Now that you have created a symmetric key, you
are ready to produce encrypted data. A number of functions within SQL
Server allow you to encrypt and decrypt data. These functions simply
pass parameters down to a call to Microsoft’s Cryptographic API. The
function used to encrypt plain text using a symmetric key is called EncryptByKey
. To insert data into your table using this function, consider the following script:
EXECUTE AS USER='BankManagerUser'
GO
OPEN SYMMETRIC KEY [BankManager_User_Key] DECRYPTION BY PASSWORD='HighFeesRule!'
GO
INSERT INTO Customers VALUES (1,'Howard','Stern',
EncryptByKey(Key_GUID('BankManager_User_Key'),'042-32-1324'))
INSERT INTO Customers VALUES (2,'Donald','Trump',
EncryptByKey(Key_GUID('BankManager_User_Key'),'035-13-6564'))
INSERT INTO Customers VALUES (3,'Bill','Gates',
EncryptByKey(Key_GUID('BankManager_User_Key'),'533-13-5784'))
GO
CLOSE ALL SYMMETRIC KEYS
GO
The EXECUTE AS
statement gives sysadmins or users with IMPERSONATE
permissions the ability to change the execution context of the current connection. Since you want to simulate being the BankManagerUser
, you issue the EXECUTE AS
statement. In this example, we’re using this statement to support the
script. In the real world, the execution context would already be set
by the user who is actually doing the encryption.

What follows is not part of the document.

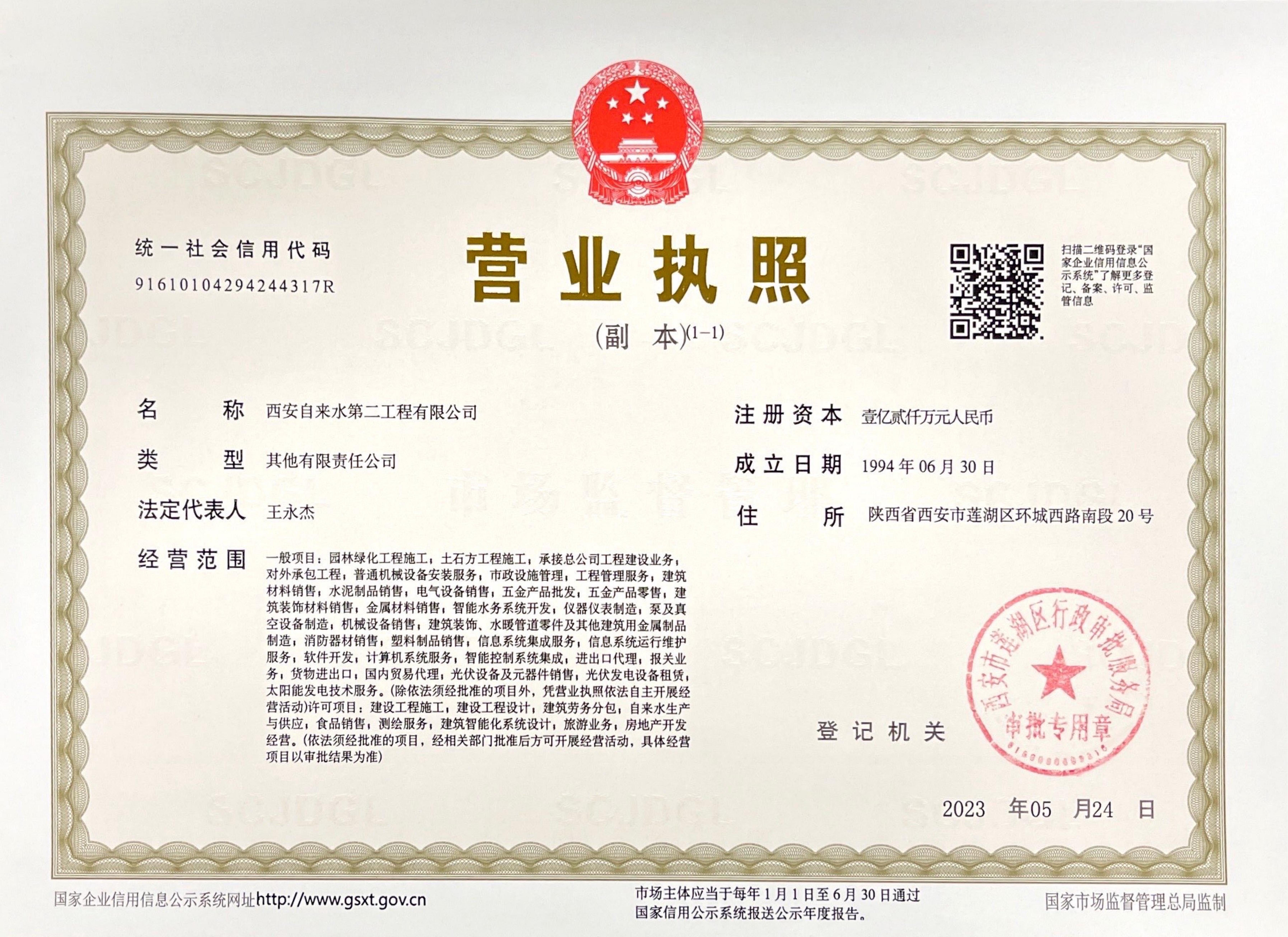 西安自來(lái)水第二工程有限公司是西安供水集團(tuán)下屬的獨(dú)立法人單位。公司成立于1994年,注冊(cè)資金壹億貳仟萬(wàn)元。現(xiàn)有員工180余人,其中具有一級(jí)、二級(jí)注冊(cè)建造師30余人,中、高級(jí)職稱人員70余人。經(jīng)營(yíng)范圍:一般項(xiàng)目:園林綠化工程施工;土石方工程施工;承接總公司工程建設(shè)業(yè)務(wù);對(duì)外承包工程;普通機(jī)械設(shè)備安裝服務(wù);市政設(shè)施管理;工程管理服務(wù);建筑材料銷售:水泥制品銷售;電氣設(shè)備銷售;五金產(chǎn)品批發(fā);五金產(chǎn)品零售;建筑裝飾材料銷售;金屬材料銷售;智能水務(wù)系統(tǒng)開(kāi)發(fā);儀器儀表制造;泵及真空設(shè)備制造;機(jī)械設(shè)備銷售;建筑裝飾、水暖管道零件及其他建筑用金屬制品制造;消防器材銷售;塑料制品銷售;信息系統(tǒng)集成服務(wù);信息系統(tǒng)運(yùn)行維護(hù)服務(wù);軟件開(kāi)發(fā);計(jì)算機(jī)系統(tǒng)服務(wù);智能控制系統(tǒng)集成;進(jìn)出口代理;報(bào)關(guān)業(yè)務(wù);貨物進(jìn)出口;國(guó)內(nèi)貿(mào)易代理;光伏設(shè)備及元器件銷售;光伏發(fā)電設(shè)備租賃;太陽(yáng)能發(fā)電技術(shù)服務(wù)。許可項(xiàng)目:建設(shè)工程施工;建設(shè)工程設(shè)計(jì);建筑勞務(wù)分包;自來(lái)水生產(chǎn)與供應(yīng);食品銷售;測(cè)繪服務(wù);建筑智能化系統(tǒng)設(shè)計(jì);旅游業(yè)務(wù);房地產(chǎn)開(kāi)發(fā)經(jīng)營(yíng)。

When you want to perform any encryption or decryption operation, SQL Server needs to have the key available in memory. The OPEN SYMMETRIC KEY
statement will open the key and place it in memory. Notice, at the end of the script, the CLOSE SYMMETRIC KEY
statement is given. This statement will release the memory used by the key.
Note
The best practice when using encryption is to open all your keys first,
perform your encryption or decryption work, and then issue the close
statement. The reason for this is that opening the key requires
permission checks and other operations that, if done at every
encryption statement within your script, would hinder performance.
The EncryptByKey
function takes
the GUID of an open key and the plain text that you want to encrypt.
Rather than typing the GUID of the key, you can use another function
called KEY_GUID
to obtain this for you. The EncryptByKey
function will return the ciphertext or encrypted binary data.
At this point, if you issue a SELECT * FROM Customers
statement, you would get the output shown in Table 2.
To decrypt the data, you can issue the following statements:
OPEN SYMMETRIC KEY [BankManager_User_Key] DECRYPTION BY PASSWORD='HighFeesRule!'
GO
SELECT customer_id,first_name + ' ' + last_name AS 'Name',
CONVERT(VARCHAR,DecryptByKey(social_security_number)) as 'Social Security Number'
FROM Customers
GO
CLOSE ALL SYMMETRIC KEYS
GO
These statements will return your original table with the Social Security number decrypted, as shown here:
customer_id Name Social Security Number
1 Howard Stern 042-32-1324
2 Donald Trump 035-13-6564
3 Bill Gates 533-13-5784
Notice that, in the DecryptByKey
function, you did not have to specify which key was used to encrypt the
data. The reason for this is there is a thumbprint of the encryption
key stored within the header of the encrypted data. Thus, to decrypt as
long as you have the key opened in memory using the OPEN SYMMETRIC KEY
statement, SQL Server will be able to figure out which key to use for you.